I feel very strongly about the idea of community – that personal growth comes from giving back to the world around you. I spend a lot of time serving on boards and committees in the area and while I am proud of what I am able to give to these organizations, what I get back from doing this work is tenfold. I’d like to spend the next few weeks highlighting some of these groups and the work that they do. I know this is a bit different than the legal information I generally use this blog to share, but I truly believe it is no less important. I hope learning about some of these groups inspires you to go out and volunteer for a mission you’re passionate about.
CASA stands for Court Appointed Special Advocates for children. I could try to explain what CASA does in my own words, but their website says it perfectly. “CASA of Kent County is a non-profit organization that looks out for the best interests of abused and neglected children as they make their way through the family court system. We do this by training volunteers to investigate, facilitate, advocate and monitor services for children who are wards of the court due to abuse and/or neglect. CASA volunteers present first-hand information and observations to help judges make the very best decisions about children’s futures. No other organization does what we do in Kent County—so when you support CASA, you are providing what may be the only opportunity for these children to overcome their family traumas and build a new life.”

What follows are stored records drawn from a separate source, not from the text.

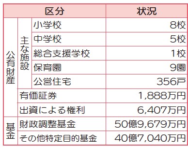 市の財産には学校などの土地、建物のほか、将来実施する事業のための積立金である基金や有価証券、出資金などがあります。主な財産の状況は下表のとおりです。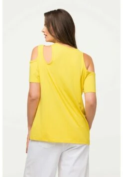Ulla Popken À MANCHES COURTES COL ROND ET JOLIES DÉCOUPES – T-Shirt Basic – Bouton Dor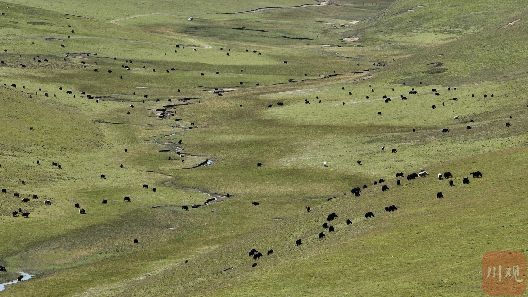 8月26日,记者行走在甘孜州炉霍县宗麦乡的草原上,远处,成群的牦牛在草原上吃草、奔跑。其中,白色的牦牛仿佛朵朵云彩点缀其间,它们是炉霍县的新朋友——从青海引进的白牦牛。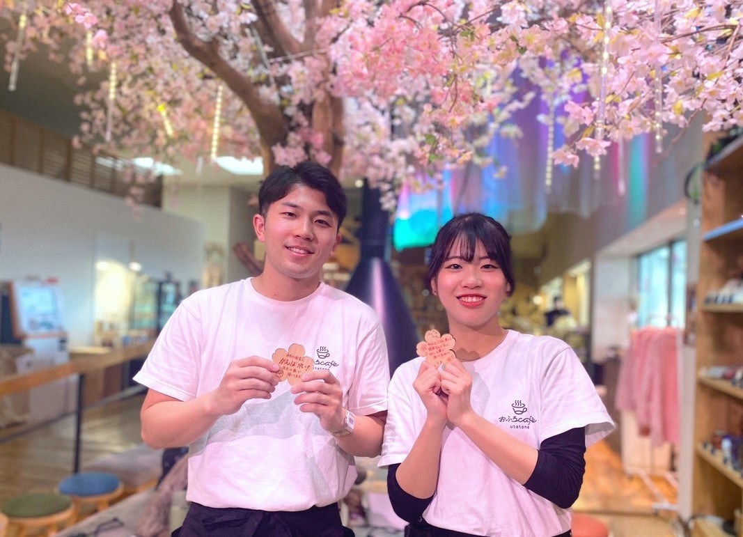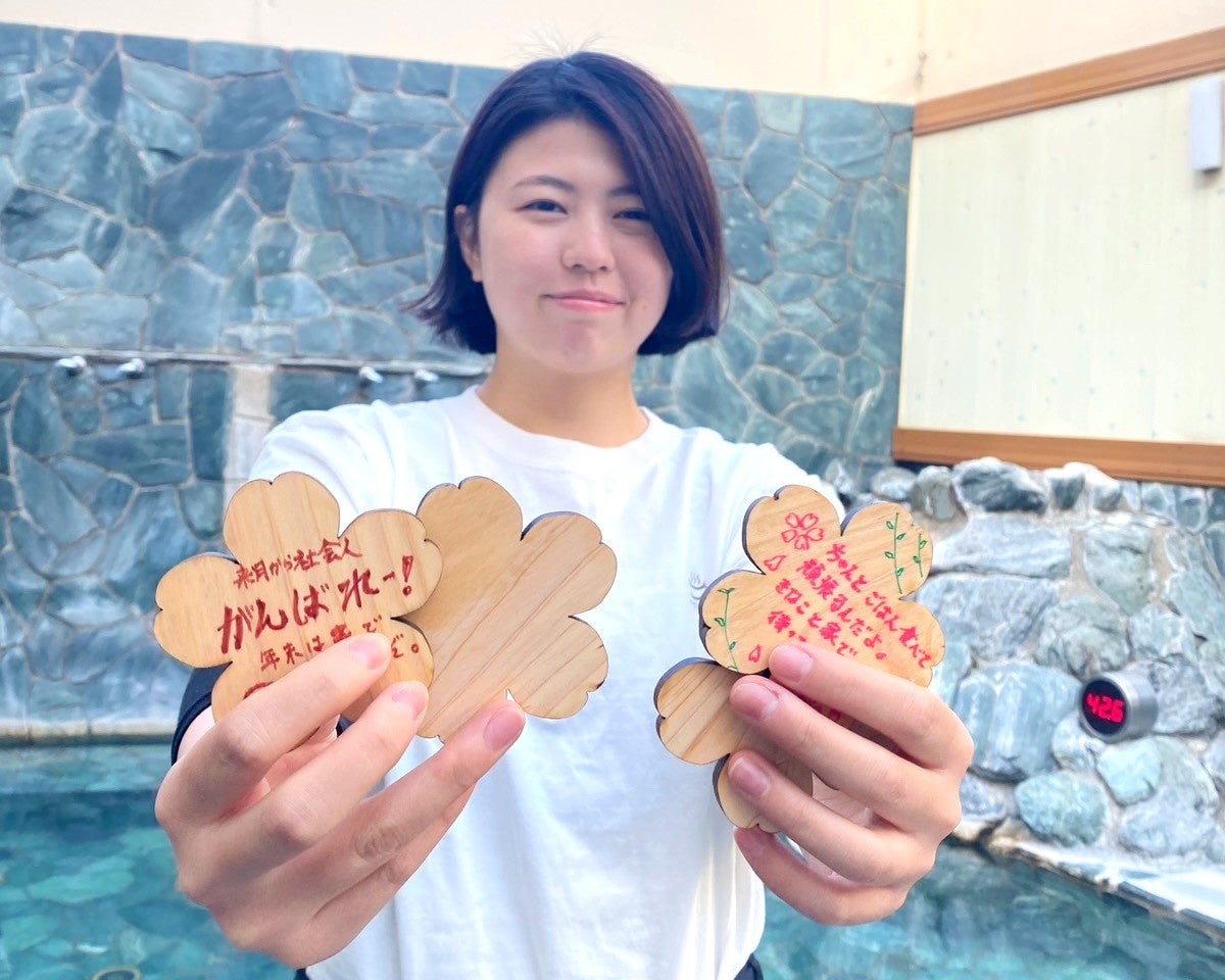 間伐材を利用した桜の形の入浴木にメッセージを添えて。埼玉県内のおふろcafe 等で「新生活応援風呂」を開催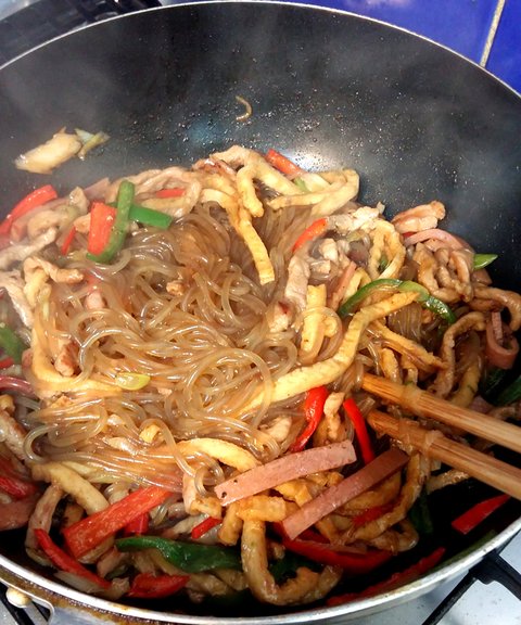 당면을 넣은후에 간장, 굴소스, 설탕, 치킨스톡을 넣고 잘 섞어준후에 불을 세게하고 볶아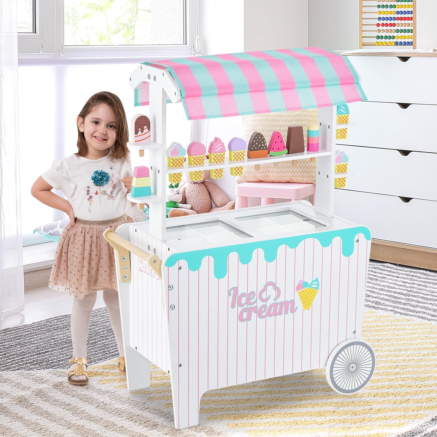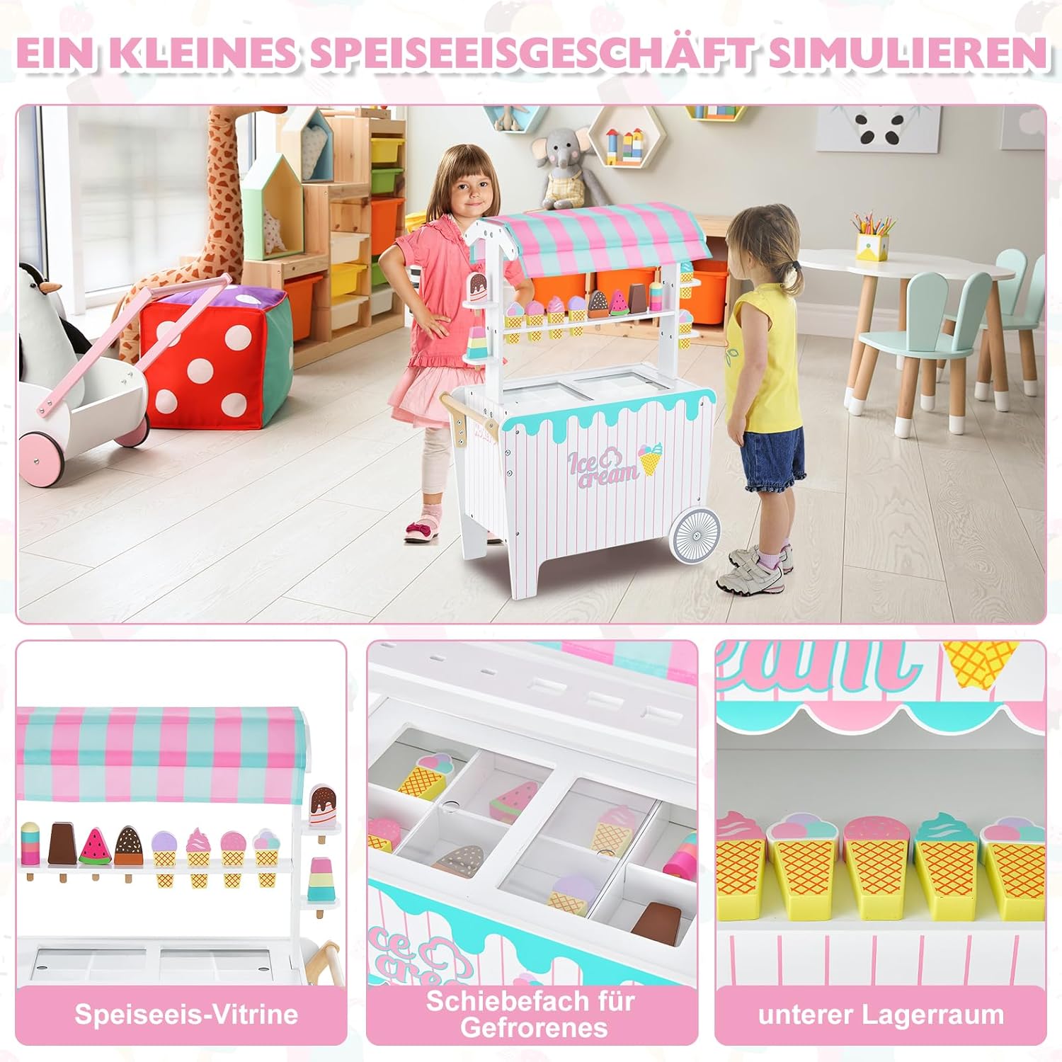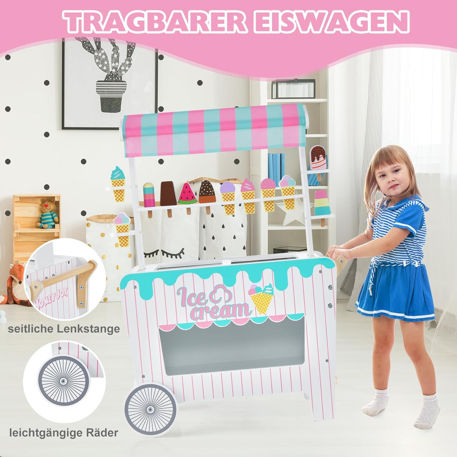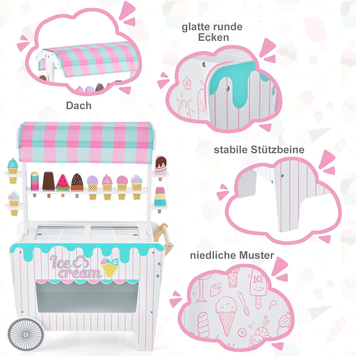 Come un vero venditore di gelati: questo colorato giocattolo in legno ha tutto il necessario per simulare un camioncino dei gelati. Comprende 12 ripiani espositivi per gelato, 12 gelati colorati, ripiano per surgelati con ante scorrevoli, tettoia a strisce e vano portaoggetti inferiore. Carrello del gelato facile da spostare: grazie alle ruote lisce sul fondo, alle gambe robuste e alle comode maniglie, questo carrello della spesa per bambini è leggero e portatile, facile da spostare da una stanza all'altra o dall'interno all'esterno e si attacca ovunque. Materiale selezionato: il nostro carrello di vendita è realizzato in MDF di alta qualità, molto stabile e durevole. La superficie impiallacciata è liscia e priva di bave, facile da pulire. Inoltre, la tettoia è realizzata in poliestere resistente alle intemperie, impermeabile e resistente ai raggi UV, perfetta per l'uso esterno. Buono per lo sviluppo dei bambini: questo negozio colorato porta un divertimento senza fine ai bambini! Promuove l'immaginazione creativa, lo sviluppo sociale e linguistico, il riconoscimento dei colori e la cooperazione tra mani e occhi durante il gioco. REGALO PERFETTO: Con questo carrello portavivande in legno, tuo figlio potrà vivere una vera esperienza di vendita. I bambini possono giocare con i loro amici e far finta di essere il cliente o il proprietario. È perfetto per Natale, compleanni o regali per la festa dei bambini per ragazzi e ragazze di età superiore ai 3 anni.

I first heard about CASA when I started practicing family law in Kent County. Over the years, I became interested in learning more about their mission and how they help children who find themselves in the system. In early 2015, I met with the President of their Board of Directors and asked what I could do to help and that decision has been one of the most rewarding of my career.

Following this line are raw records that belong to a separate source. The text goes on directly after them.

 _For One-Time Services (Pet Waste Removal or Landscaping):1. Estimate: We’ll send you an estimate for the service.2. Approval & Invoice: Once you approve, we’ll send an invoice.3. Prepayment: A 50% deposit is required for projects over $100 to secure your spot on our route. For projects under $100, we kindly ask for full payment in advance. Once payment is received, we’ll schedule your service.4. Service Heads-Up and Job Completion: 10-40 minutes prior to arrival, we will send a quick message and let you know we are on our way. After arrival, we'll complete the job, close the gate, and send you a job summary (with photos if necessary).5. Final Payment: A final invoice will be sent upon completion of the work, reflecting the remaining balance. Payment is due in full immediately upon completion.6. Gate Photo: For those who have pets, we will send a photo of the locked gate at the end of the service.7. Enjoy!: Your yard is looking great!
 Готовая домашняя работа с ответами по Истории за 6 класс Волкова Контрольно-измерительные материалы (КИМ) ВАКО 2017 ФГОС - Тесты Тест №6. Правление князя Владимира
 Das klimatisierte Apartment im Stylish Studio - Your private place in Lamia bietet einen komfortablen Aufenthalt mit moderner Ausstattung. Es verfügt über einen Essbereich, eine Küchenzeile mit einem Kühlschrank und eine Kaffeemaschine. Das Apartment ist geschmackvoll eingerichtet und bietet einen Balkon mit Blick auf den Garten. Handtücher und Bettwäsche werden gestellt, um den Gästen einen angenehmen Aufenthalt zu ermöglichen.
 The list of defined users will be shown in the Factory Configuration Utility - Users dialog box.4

Not only does CASA train members of the community to become advocates, but they also spend a significant amount of time each year planning events for the children that they can enjoy with each other. My first CASA Thanksgiving will forever be a turning point for me – the night where I realized just how thankful I am for everything that I have. Thanksgiving dinner is an event CASA puts on for children in family groups who are split up from each other. In some circumstances, these siblings rarely have the opportunity to see or spend time with each other since they were removed from their home. The joy I witnessed as these kids came together to share a holiday meal with their brothers and sisters honestly brought me to tears and it was in that moment that I realized what CASA can do for some of these kids who may otherwise feel left behind.

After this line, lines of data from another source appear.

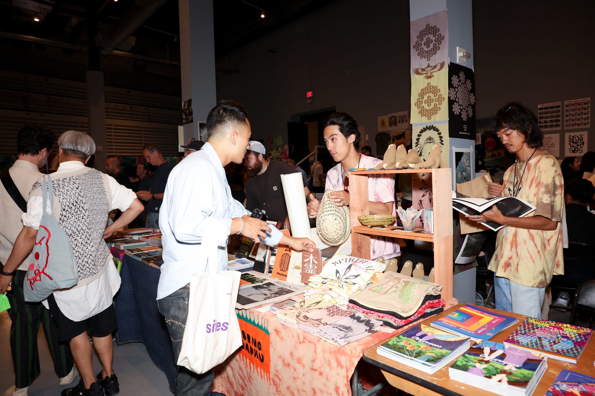 Hordes of visitors swarmed the booths filled with zines, photographs, prints, books, clothing, and ephemera offered by more than 300 international exhibitors showcasing their wares across two cavernous buildings of the Geffen Contemporary at the Museum of Contemporary Art (MOCA). On the terrace, people danced joyously to the music of Black ensemble Pan Afrikan Peoples Arkestra & Friends. Across the fair sections, including Exhibitor Projects, Rare/Op, Photography, Friendly Fire (which highlights social justice organizations and politically minded artist publishers), and Zines/Small Press, visitors chatted and flirted. First-time and international exhibitors seemed especially excited to be at the fair, back in LA for the first time since its pandemic-induced hiatus in 2019. Altogether, the booths suggest a publishing landscape as quirky and diffuse as Los Angeles itself.
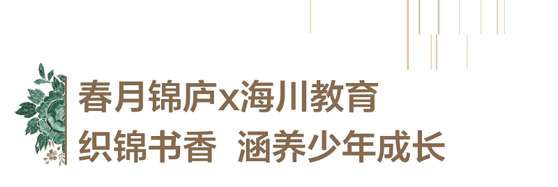 在春月锦庐的观念中,教育的格局从不止于课堂之中,春月锦庐携手海川教育!为下一代,织锦书香未来。从家到学校,从课堂到课外,绿城的孩子们应该拥有比书本更为辽阔的世界。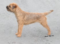 BD,BIS & BVIS 8 year old red grizzle in super harsh coat,with an exceptionally strong otter like head and good bite. Good lay back of shoulder,super overall outline,moved out well for and after. Turned out well and handled well. Pleased to award him top honours today.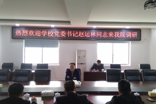 2017年10月23日下午,学校党委书记赵运林教授及学校党政办公室秘书廖乐平来我院进行调研。学院领导班子成员参加了此次调研活动。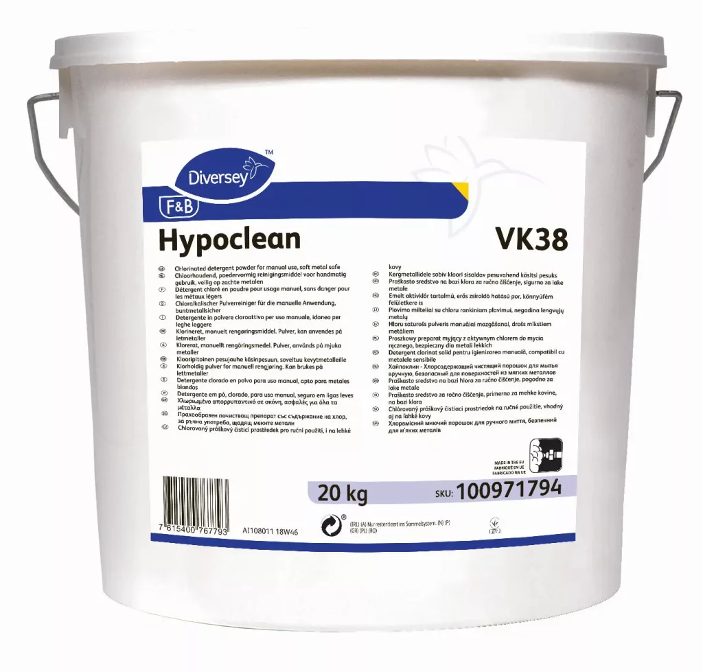 Hypoclean VK38 20kg - Emelt aktívklór tartalmú, erős zsíroldó hatású por, könnyűfém felületkere is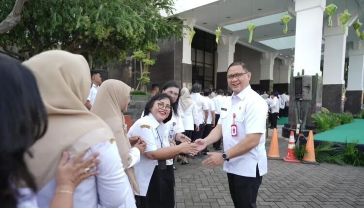 Interaksi berlangsung penuh rasa hormat dan kekeluargaan, mencerminkan kedekatan antara pimpinan dan seluruh jajaran ASN.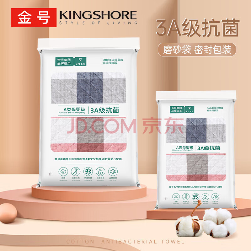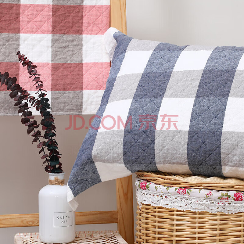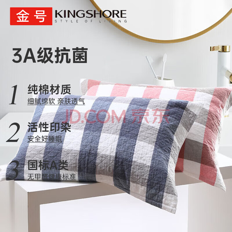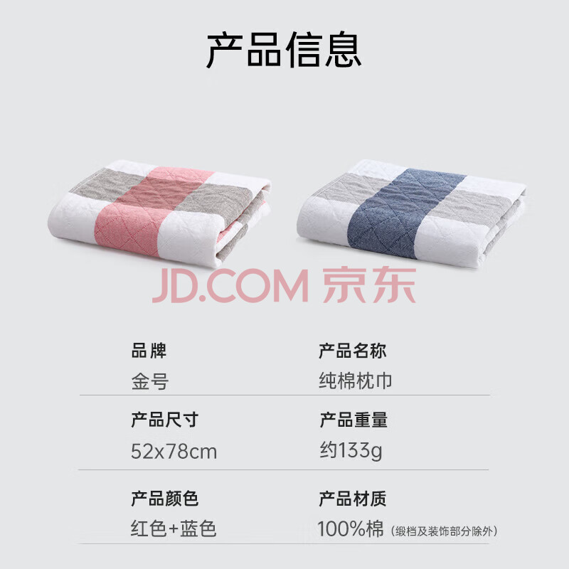 商品相册:金号全棉枕巾 红+蓝52*78cm133g双人枕头巾3A级抗菌三层对枕透气吸汗第1张/共8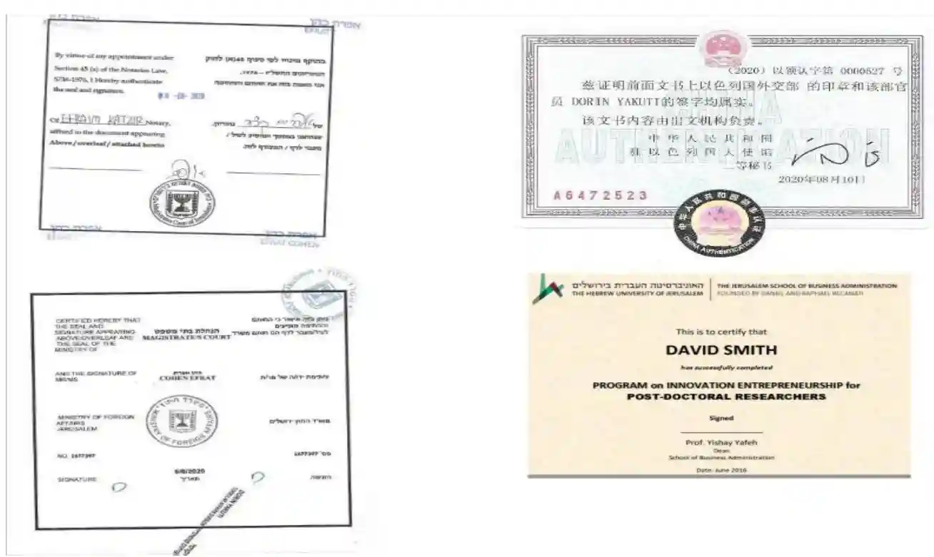 在希伯来大学完成课程后先取得博士后证书,用博士后证书原件申请做中国大使馆认证。

It costs CASA of Kent County $1,250 per year to advocate for one abused or neglected child. CASA relies on its partnerships and volunteers to help make this possible. While financial donations are always welcome, there are so many ways that someone can contribute to CASA’s mission. If you have time to give, training as an advocate or volunteering on one of their committees is always a great place to start. If instead you’re looking to contribute from your wallet, monetary donations, as well as clothing, shoes, school supplies, Christmas gifts, toys and activities can always be of use.
I’m going to end this post with one of the Success Stories posted on CASA’s website and urge everyone reading this to learn more about this organization and what you can do for them.
The six Randall siblings, young children who were removed from their mother’s care due to abuse and neglect, were eventually placed with the Morgan family. The Morgan’s home included two adult biological children and a total of 13 children adopted from foster care. The Morgans’ local community had named them “Adoptive Parents of the Year” for their willingness to provide a home for foster children. It would be years before a teacher learned that the adopted children were being sexually abused, tortured, and starved while in the Morgans’ care.
The Randall children were assigned their CASA, Kate, during the month-long jury trial that ensued against the Morgans, who eventually relinquished their rights to the adopted children. The four youngest siblings were sent to different adoptive homes, severing their ties to one another. Marcus and Shawna, ages 10 and 8, were sent to residential care.
Kate would spend the next decade of her life and then some advocating for the needs of Marcus and Shawna, far outlasting her assignment as their official CASA. Kate would ensure that the Randall siblings saw one another, giving them some measure of consistency in their young lives. Kate took Shawna shopping for her prom dress and found her a voice coach when Shawna shared her dream of becoming a singer. She advocated for Marcus to be treated as a child, not a criminal, while he was in residential care. It was Kate who provided comfort and patience to Shawna and Marcus when they asked her why no one would adopt them when all they ever wished for was a loving family.
When Kate took this assignment, she never imagined the Randall children would become such an important part of her life. Kate says her only regret is that CASA wasn’t assigned to these children long before they ever reached the Morgans’ home.